BM Güvenlik Konseyi, Hamas’ın elindeki tüm rehinelerin derhal serbest bırakılması ve sivillerin hayatının korunması için Gazze’de acil ve genişletilmiş insani yardım koridorları açılması çağrısında bulunan bir kararı kabul etti. Çarşamba günü yapılan BM Güvenlik Konseyi toplantısında, Malta’nın savaşa acil ve genişletilmiş insani ara verilmesiyle ilgili hazırladığı karar tasarısı oylamaya sunuldu. Hiçbir ülkenin veto etmediği karar tasarısına 12 ‘evet’ ve 3 ‘çekimser’ oy çoğunluğuyla kabul edilmiş oldu. Konsey’in daimî üyeleri Rusya, İngiltere ve ABD tasarıya ‘çekimser’ yönde oy kullanan ülkeler oldular. 7 Ekim’de Hamas’ın İsrail’e düzenlediği saldırıların ardından, İsrail’in Gazze’ye yönelik bombardımanı sonrasında defalarca toplanan Güvenlik Konseyi’nde şimdiye kadar uzlaşı sağlanamamıştı. Ateşkes, insani ara ve insani yardım sağlanması için koridor açılması amacıyla 4 ayrı tasarı oylanmış ancak tasarıların tamamı daimî üyeler Rusya, Çin ve ABD vetosuna takılmıştı.
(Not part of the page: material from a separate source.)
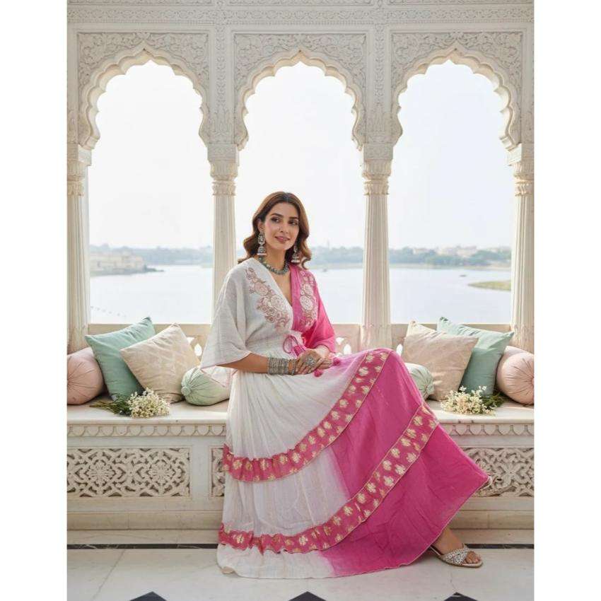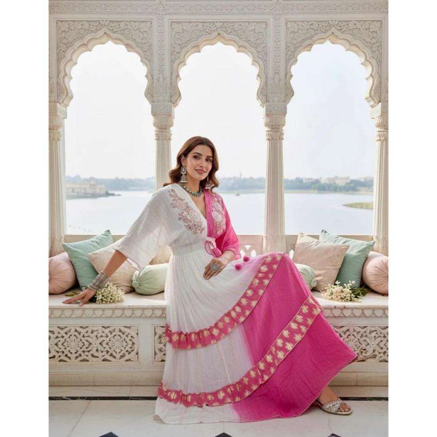 ชุดเดรสอนาร์กาลีสีขาวชมพูแบบหลายชั้นสำหรับผู้หญิง พร้อมผ้าคลุมไหล่ ชุดงานเทศกาลแบบอินเดีย ชุดงานเลี้ยงหรูหราสำหรับงานแต่งงาน

İsrail’in haftalardır bombaladığı Gazze’de insani durum, Avrupa’da da tepki çekmeye devam ediyor. Gazze’deki tüm hastanelerin çalışamaz duruma gelmesi ve ağır sivil kayıpların yaşanması AB içinde yoğun tartışmalara yol açarken AB Dış İlişkiler Yüksek Temsilcisi Josep Borrell, savaş sonrasında Gazze için bir çözüm planı hazırladıklarını belirterek, bu hafta İsrail, Filistin Yönetimi ve Arap ülkelerini kapsayan bir Ortadoğu gezisine çıkacağını açıkladı. Gazze Şeridi’nin topraklarını daraltma veya bazı kısımlarını işgal etme girişimlerinin AB açısından kabul edilemez olduğunu vurgulayan Borrell, “Gazzelilerin yerleşim bölgesinin dışına yerleştirilmesine şiddetle karşı çıkıyoruz. Bu onların haklarını ihlal ediyor ve bölgenin istikrarına tehdit oluşturuyor” şeklinde konuştu. Uluslararası toplumun çatışmaya kalıcı bir çözüm bulma konusunda “siyasi ve ahlaki açıdan” başarısız olduğunu belirten Borrell, artık iki devletli çözüm çabalarını artırmanın zamanının geldiğini kaydetti.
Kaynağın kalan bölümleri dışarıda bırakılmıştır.